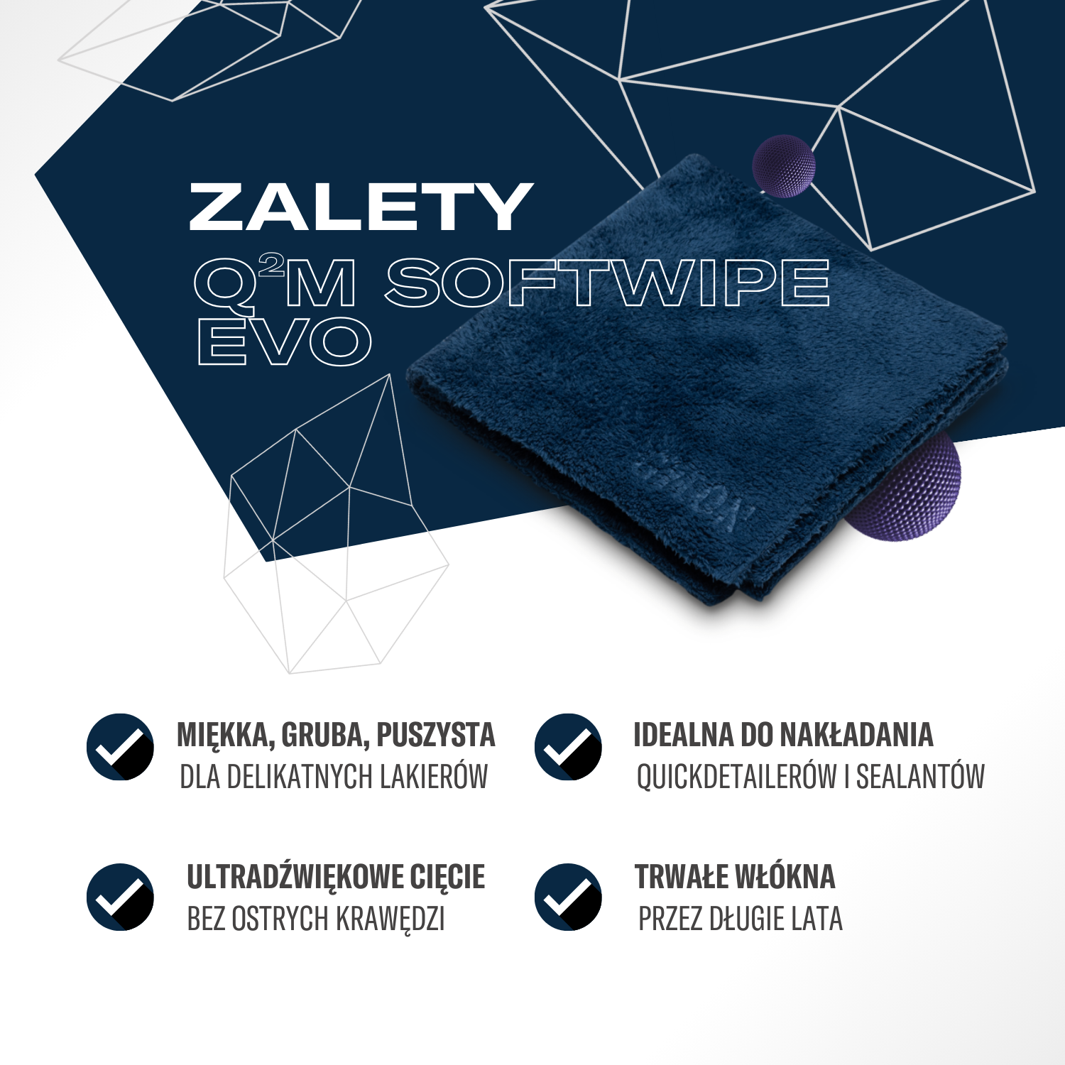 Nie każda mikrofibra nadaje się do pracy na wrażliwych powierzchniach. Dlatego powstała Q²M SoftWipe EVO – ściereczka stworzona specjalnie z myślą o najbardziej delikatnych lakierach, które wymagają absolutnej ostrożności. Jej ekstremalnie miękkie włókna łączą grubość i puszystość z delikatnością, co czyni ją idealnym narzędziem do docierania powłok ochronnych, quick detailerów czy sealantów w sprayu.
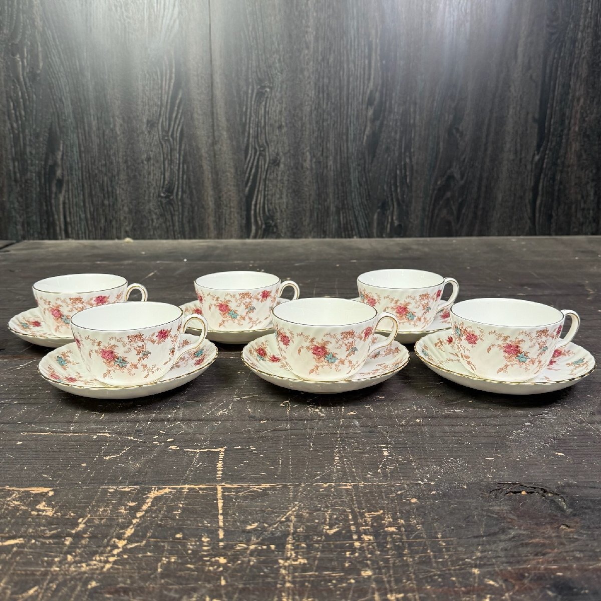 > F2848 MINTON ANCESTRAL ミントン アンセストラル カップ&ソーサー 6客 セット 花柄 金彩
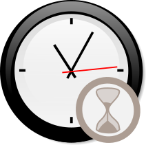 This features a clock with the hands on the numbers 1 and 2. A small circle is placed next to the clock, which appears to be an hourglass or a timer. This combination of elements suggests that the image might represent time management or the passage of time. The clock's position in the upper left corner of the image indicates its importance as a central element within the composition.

....

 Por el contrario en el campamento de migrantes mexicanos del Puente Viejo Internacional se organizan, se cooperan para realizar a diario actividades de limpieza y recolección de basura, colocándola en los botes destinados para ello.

....

Aim of the task
Go back to the lines above and output, exactly as they stand, the ones from the line containing "Nie każda mikrofibra" to the line containing "This features a". Leave all pictures behind.

Your solution
 Nie każda mikrofibra nadaje się do pracy na wrażliwych powierzchniach. Dlatego powstała Q²M SoftWipe EVO – ściereczka stworzona specjalnie z myślą o najbardziej delikatnych lakierach, które wymagają absolutnej ostrożności. Jej ekstremalnie miękkie włókna łączą grubość i puszystość z delikatnością, co czyni ją idealnym narzędziem do docierania powłok ochronnych, quick detailerów czy sealantów w sprayu.
 > F2848 MINTON ANCESTRAL ミントン アンセストラル カップ&ソーサー 6客 セット 花柄 金彩
 This features a clock with the hands on the numbers 1 and 2. A small circle is placed next to the clock, which appears to be an hourglass or a timer. This combination of elements suggests that the image might represent time management or the passage of time. The clock's position in the upper left corner of the image indicates its importance as a central element within the composition.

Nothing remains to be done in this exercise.